The level of interference in the emotional Stroop task (mean RTs for emotional words—mean RTs for neutral words) was not correlated with STAI-S score, r(24) = −0.066, p = 0.748, LEI score, r(24) = −0.091, p = 0.658, ETISR-SF score, r(24) = 0.177, p = 0.563, and PCL-C score (for victims only), r(11) = 0.374, p = 0.209.
The amplitude difference for the early wave in the emotional Stroop task (mean amplitude for emotional words—mean amplitude for neutral words) was not correlated with STAI-S score, r(24) = 0.327, p = 0.102, LEI score, r(24) = 0.133, p = 0.516, ETISR-SF score, r(24) = 0.341, p = 0.089, and PCL-C score (for victims only), r(11) = 0.119, p = 0.699.
This study aimed to determine the time course of emotional information processing in sexual abuse victims without PTSD using the Stroop paradigm. The striking result of our experiment was an early effect (55–165 ms) of emotionality which varied as a function of group (sexual abuse victims and non-exposed controls). This suggests that early, possible implicit non-strategic aspects of information processing can be altered by personal emotional experiences. Differences between groups as a function of the emotionality of stimuli for later components, the N2pc and P3b were either not observed or less marked.
Are There ERP Evidences of Differential Processing between Trauma-Exposed and Control Participants in the Emotional Stroop Task?

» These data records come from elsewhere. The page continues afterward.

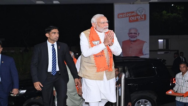 પ્રધાનમંત્રી નરેન્દ્ર મોદી ગુજરાતના ત્રણ દિવસ ચૂંટણી પ્રચાર કરી રહ્યા છે. ત્યારે રવિવારે સાંજે ચૂંટણી પ્રચાર કર્યા બાદ અચાનકર કમલમ ગંધીનગર ખાતે કાર્યાલયમાં કામ કરતા લોકો સાથે નિરાંતે બેસિને હળવા મૂળમાં ચર્ચા કરી હતી. નર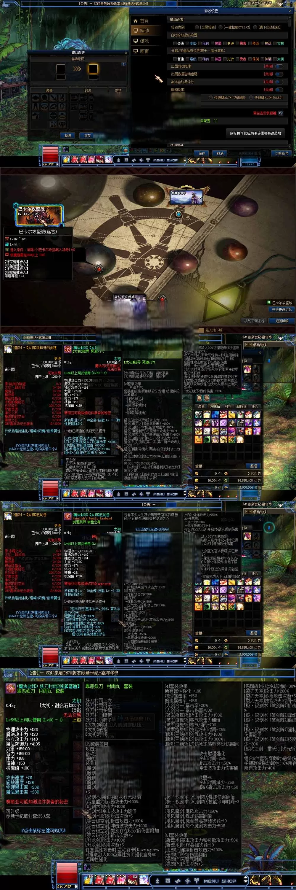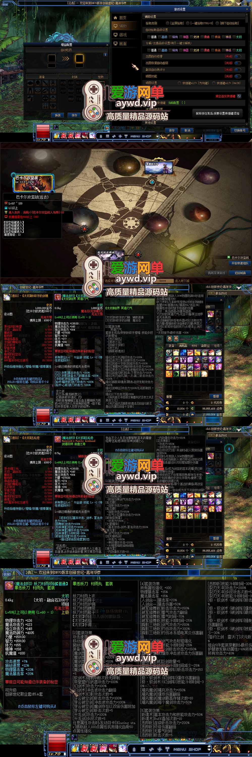 【DNF70单机版】微变创新世纪嘉年华 带女鬼剑 异次元技能徽章 护石 宝珠 神话装备 丰富皮肤装扮宠物 虚拟机一键端 视频安装教学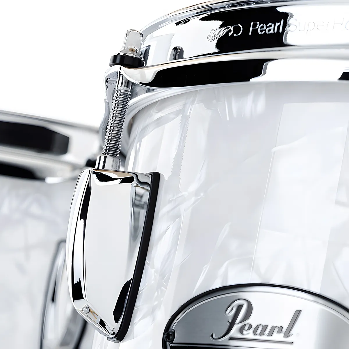 Sa coque en érable nord-américain EvenPly-Six (5,4 mm) est conçue pour une chaleur sonore vive et diffuse un large spectre de fréquences en performance. Le RL Lug classique de Pearl, le système de suspension tom OptiMount, les cercles SuperHoop II Triple-Flanged de 2,3 mm et les têtes Remo UT Pinstripe sont ajoutés pour la solidité et la stabilité.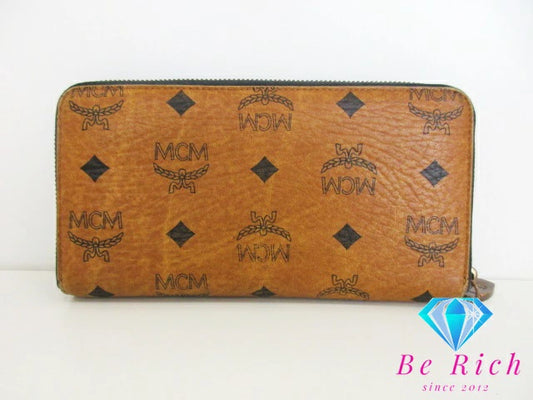 MCM エムシーエム 二つ折り財布 ラウンドファスナー 長財布 スタッズ ヴィセトス モノグラム ロゴ コニャック キャメル レザー ロング ウォレット 【中古】【送料無料】 bs3621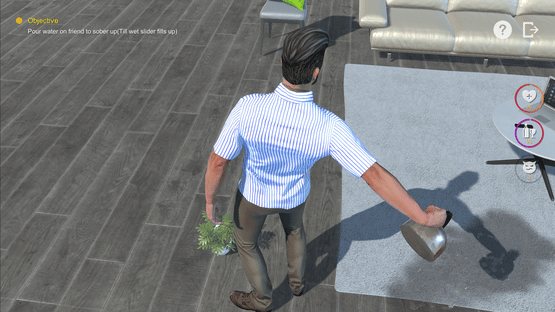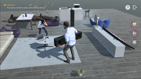 What will you play if you have a very drunk friend? A warm hearted angel? Or an evil bad guy? You may find answer in this fun sim game. Try exploring in the room and figure out how to sober up your friend!
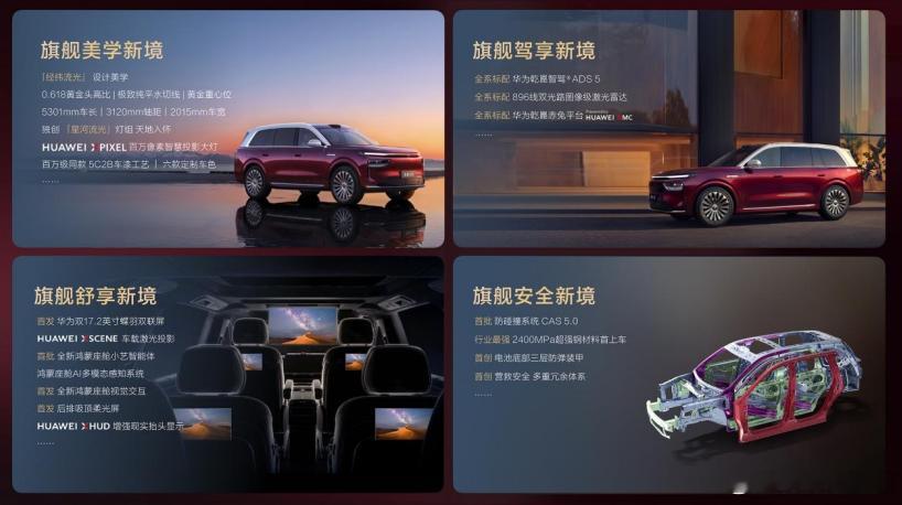 外观设计上,奕境X9采用专属“经纬流光”设计语言,精准把控0.618黄金头高比、极致纯平水切线与黄金重心位,打造优雅舒展、气场十足的旗舰车身姿态;搭载全套星河流光智能灯组,其中前贯穿灯长度达1.83米,为行业最长的变截面一体化贯穿灯;尾灯由1172颗行业最小规格ISD灯珠组成,点亮后呈现星河质感,车流辨识度拉满;搭载HUAWEI XPIXEL百万像素智慧投影大灯,标配专属“步步星河”迎宾灯语,为用户带来专属奢享的用车仪式感;采用百万豪车同级5C2B车漆工艺,每一寸漆面都呈现出百万级豪车的极致质感与耐久光泽。产品核心实力上,奕境X9依托东风汽车深厚造车积淀与华为乾崑全栈智能技术原生共创,全面刷新“安全、舒享、驾享”三大“代际新标准”,为用户带来超越同级的全场景驾乘体验。一是树立旗舰安全新标准。奕境X9全系标配华为乾崑最新一代CAS5.0,车身首次量产应用2400MPa超高强度钢,搭配行业首创三层防弹级电池装甲,以全维度无死角安全防线,将用户出行安全标准提升至全新高度。二是刷新旗舰舒享新标准。奕境X9首发全新一代鸿蒙座舱6,升级智慧交互体验,让智能座舱成为主动服务用户的智能体,兼顾便捷性与舒适性。三是建立旗舰驾享新标准。奕境X9全系标配华为乾崑智驾ADS 5及896线激光雷达,以全主动预判驾驶能力,重新定义高端车型的驾驶乐趣与操控体验。奕境作为华为乾崑与东风联手打造的全新品牌,本次亮相华为乾崑技术大会并重磅发布旗舰车型,充分说明了华为乾崑对这一深度合作成果的高度认可与全力支持。华为智能汽车解决方案 BU CEO靳玉志也在现场对奕境X9给予了极高评价,奕境X9是今年最值得期待的旗舰 SUV,华为乾崑技术大会发布的最新技术,奕境X9全都有!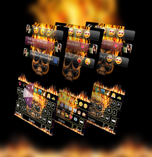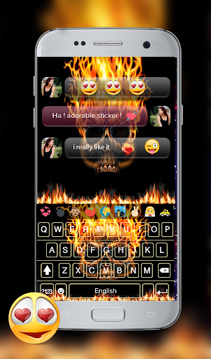 New Free Flaming Skull Keyboard theme!will bring your keyboard & text input a real new look & feel. Check this FREE personalized design for your Flaming Skull Emoji Keyboard right now! Go and get it.Hundreds of free and beautiful theme are waiting for you.

Our results confirm the findings of previous studies showing that word processing can be affected by emotional valence very early (Li et al., 2007; van Hooff et al., 2008; Sass et al., 2010). For participants in the control group, before 165 ms following word presentation, the amplitude at occipital electrodes varied depending on emotional value. Importantly, our results show that trauma-exposure alters this early effect. This is the case even when participants do not develop significant levels of PTSD symptoms, such as was the case generally for the participants in our sample. Participants in the trauma-exposed and control groups evaluated the trauma-related stimuli as similarly emotional. Despite similar explicit emotional evaluations, the trauma-exposed participants showed an attenuation of the early electrophysiological response to the emotional stimuli.
One unexpected aspect of our results was that neutral words elicited larger early wave amplitudes than trauma-related emotional words. We had expected the opposite effect (i.e., greater amplitudes for emotional than neutral words). The explanation for this reversed effect remains to be elucidated, and will be the point of future studies, though it does not detract from our main finding. Our study is not the only one to have found this pattern of difference. Scott et al. (2009) for example, found an attenuated P1 in response to negative compared to neutral (and positive) words. This was particularly marked for high frequency words. While the researchers do not propose a complete explanation for this finding, they suggest it may be explained with reference to an early negative going wave which would be specifically elicited by the processing of negative emotional stimuli and linked with attentional prioritization. In addition to this, we also found that the difference between emotional and neutral stimuli was attenuated in trauma-exposed participants, while we had expected it would have been increased. There are however different lines of evidence suggesting blunted physiological responses to stressful stimuli in relation to trauma-exposure, particularly in relation to hormonal and autonomic responses (Depierro et al., 2013; Schalinski et al., 2015).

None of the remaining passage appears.